Long Pants (1927)
4/10
A misguided misfire
21 July 2009
It's debatable whether Frank Capra could have prolonged Harry Langdon's career much further beyond this strange effort had they not split acrimoniously. For my money, there's about thirty minutes of material stretched to twice that length here, and it looks like they were attempting to inject a little shock value to liven things up. It might have worked back in 1926, but there's nothing shocking today in that scene in which Harry unsuccessfully attempts to murder his bride-to-be, just something... creepy. It makes you realise what an effective horror character that pancake-white baby-faced man-child would have made if he had chosen a different genre...

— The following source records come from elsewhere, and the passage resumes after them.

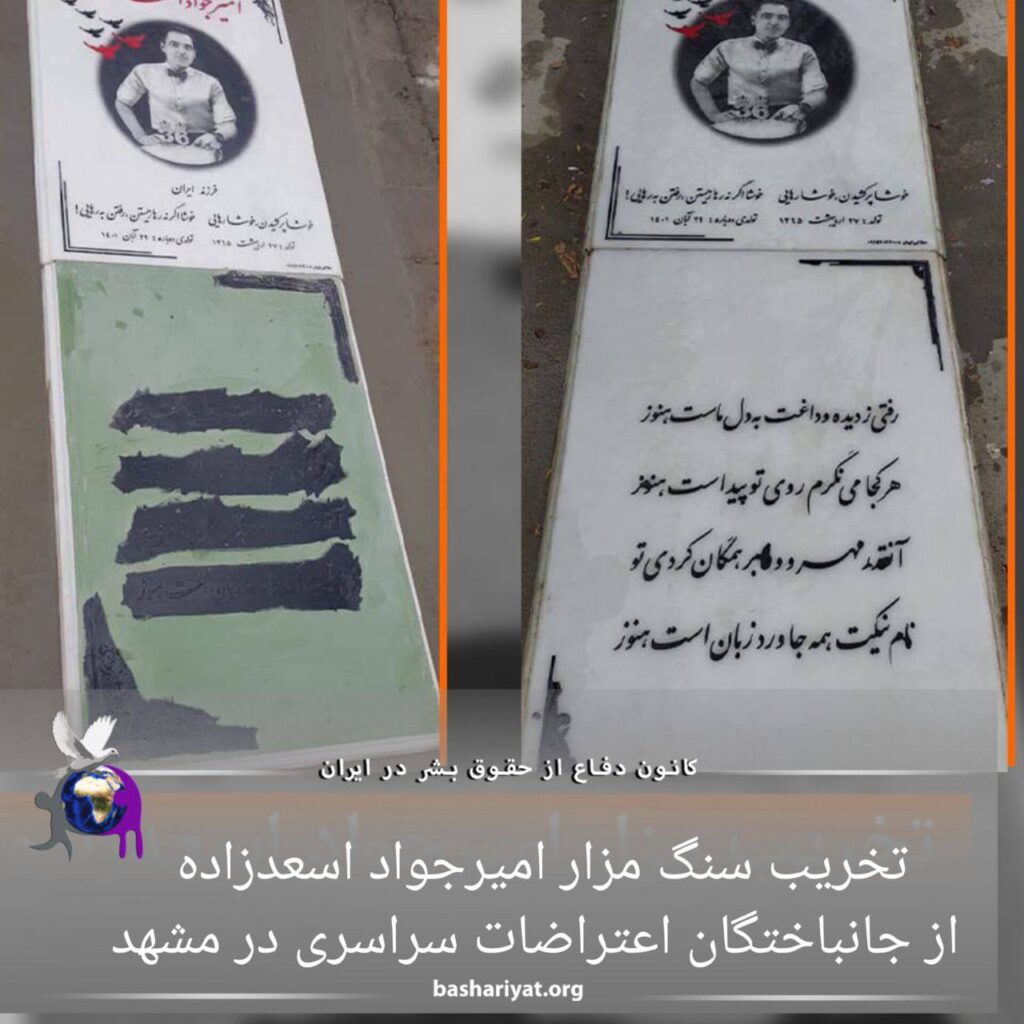 تخریب سنگ مزار امیرجواد اسعدزاده از جانباختگان اعتراضات سراسری در مشهد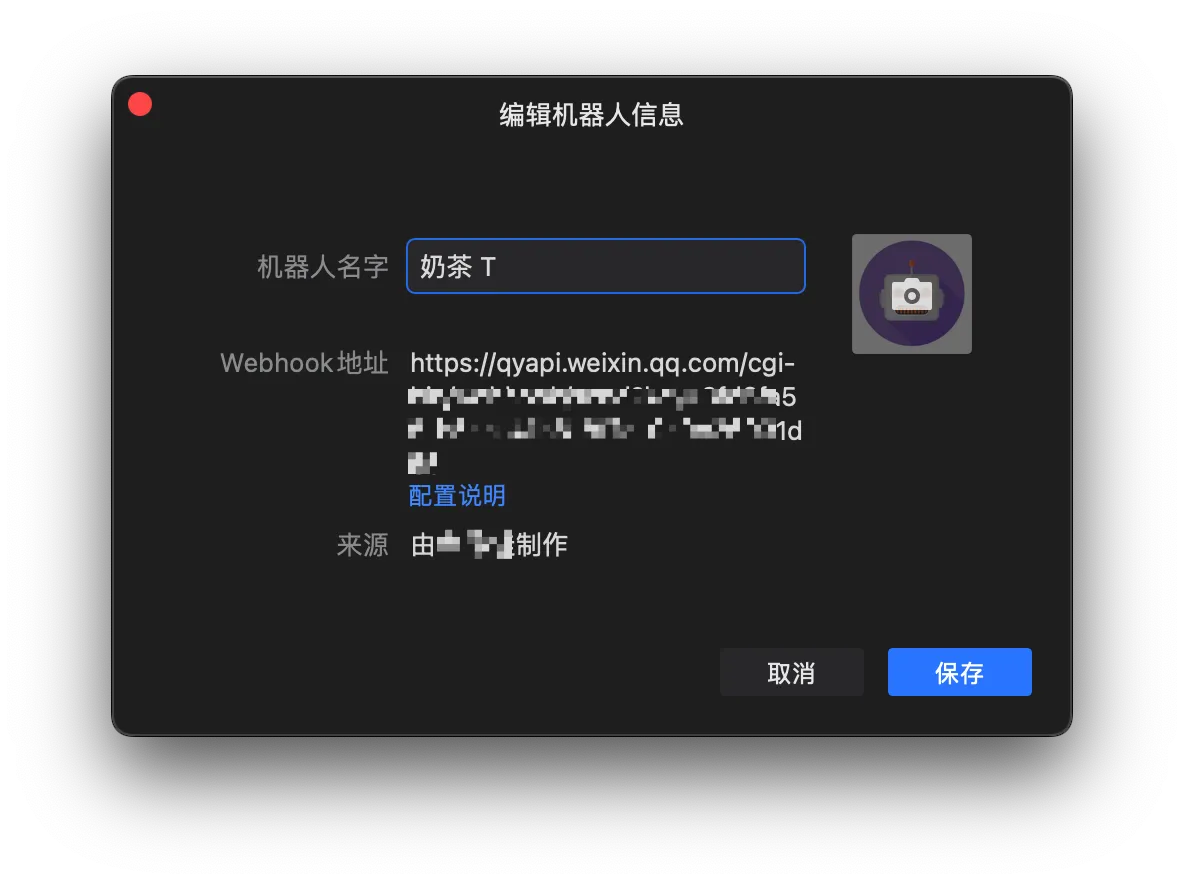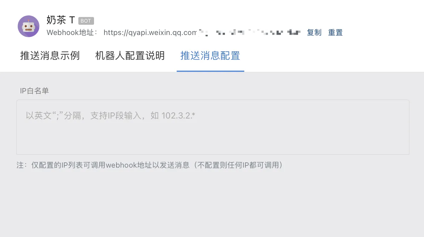 成功创建机器人后,会获取到一个 用于推送消息的 webhook Key
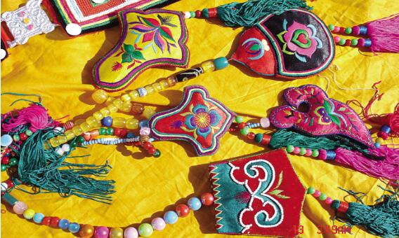 裕固族刺繡主要分布在祁連山北麓的肅南裕固族自治縣明花鄉、大河鄉、康樂鄉及皇城鎮的馬營、東灘、北灘。裕固族的刺繡工藝在民族工藝和審美情趣中隱喻著很深的文化內涵,充分體現了裕固族人追求美的心理需求。裕固族刺繡工藝就其色彩、花樣、用途而言千差萬別、千姿百態,既符合風俗習慣,審美心態,也是生活情趣的再現。裕固族刺繡是裕固族生產生活中一個非常重要的輔助性、裝飾性手工藝術,它在吸納了中國四大名繡和藏族、蒙古族等民間刺繡精華的基礎上,逐漸形成了自己獨特的風格和完整的藝術體系,具有濃郁的地方特色和民族氣息。其主要特點是內容豐富,多以人物、花草、鳥獸、傳統裝飾圖案及十二生肖等為主;構圖嚴謹,講究圖案的對稱和自然流暢;針法多樣并注重運用剪絨、打結、鎖邊、圈金、打眼等輔助工序;色彩艷麗明快,但又樸素大方,主要用于服飾裝飾、日常生活用品裝飾。裕固族刺繡藝術來源于他們的生活,來源于他們自身,與他們的物質生產生活方式有著密不可分的聯系。作為藝術品,既表現了藏傳佛教的宗教信仰,又具有西部游牧民族的特色,也具有裕固族獨特的文化元素,在中華民族文化寶庫中占有一定的地位。 2013年,裕固族刺繡被甘肅省人民政府列入第三批甘肅省非物質文化遺產保護名錄。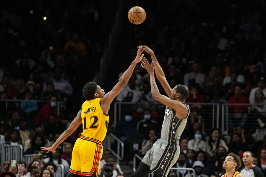 Apr 2, 2022; Atlanta, Georgia, USA; Brooklyn Nets forward Kevin Durant (7) scores over top of Atlanta Hawks forward De’Andre Hunter (12) during the second half at State Farm Arena. Mandatory Credit: Dale Zanine-USA TODAY Sports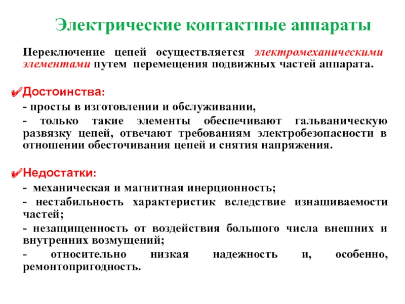 Слайд 25Электрические контактные аппараты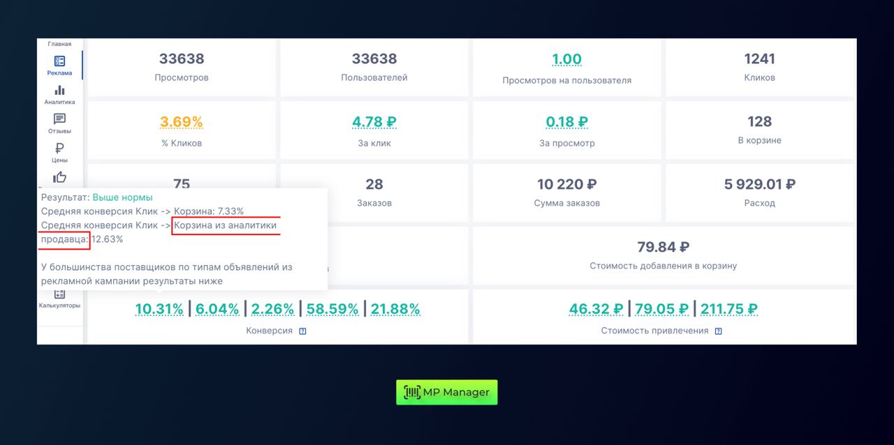 Теперь при наведении на данные по конверсиям отображаются не только данные среди рекламных кампаний с таким же предметом, но и **данные из аналитики продавца **✔️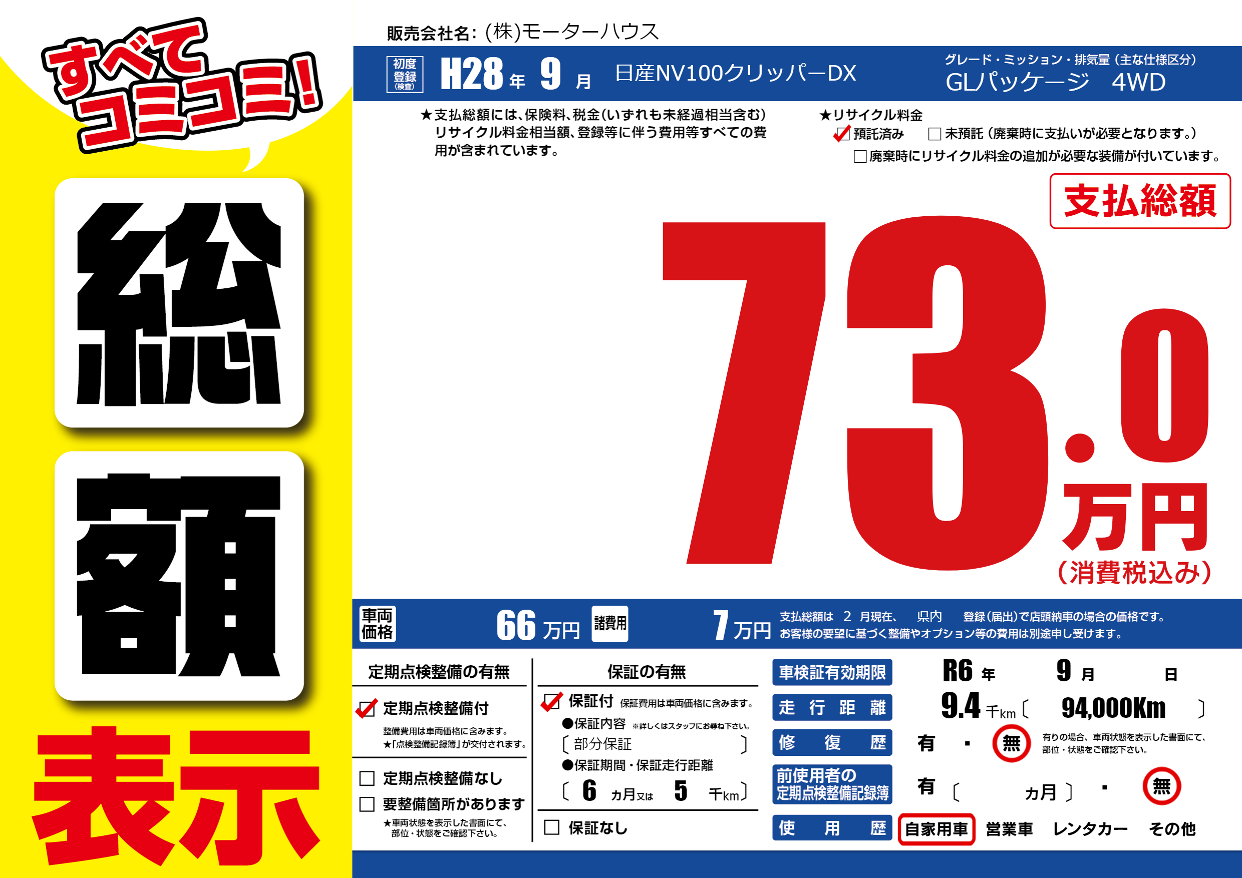 | 車名 | 日産NV100クリッパーDX | グレード ミッション 排気量 |

The story is as daft as they come, but there's nothing wrong with that - most comedies from the silent era have fairly nonsensical plots, and it shows an awareness of the vaguely unsettling aspect of Harry's character in that murder sub-plot. But what it lacks are any real laughs to speak of. Combine this with a deadly tendency to stretch scenes by repeating the same moves over and over - particularly in that attempted murder scene, and when Harry attempts various tricks to lure what he believes to be a policeman (but which is actually a ventriloquist's dummy) away from the case in which he has hidden the woman he idolises.

Langdon had a few neat tricks, and his hesitant, childlike shyness is initially endearing, but all too soon the appeal wears thin and his material is exposed as the threadbare stuff that it really is.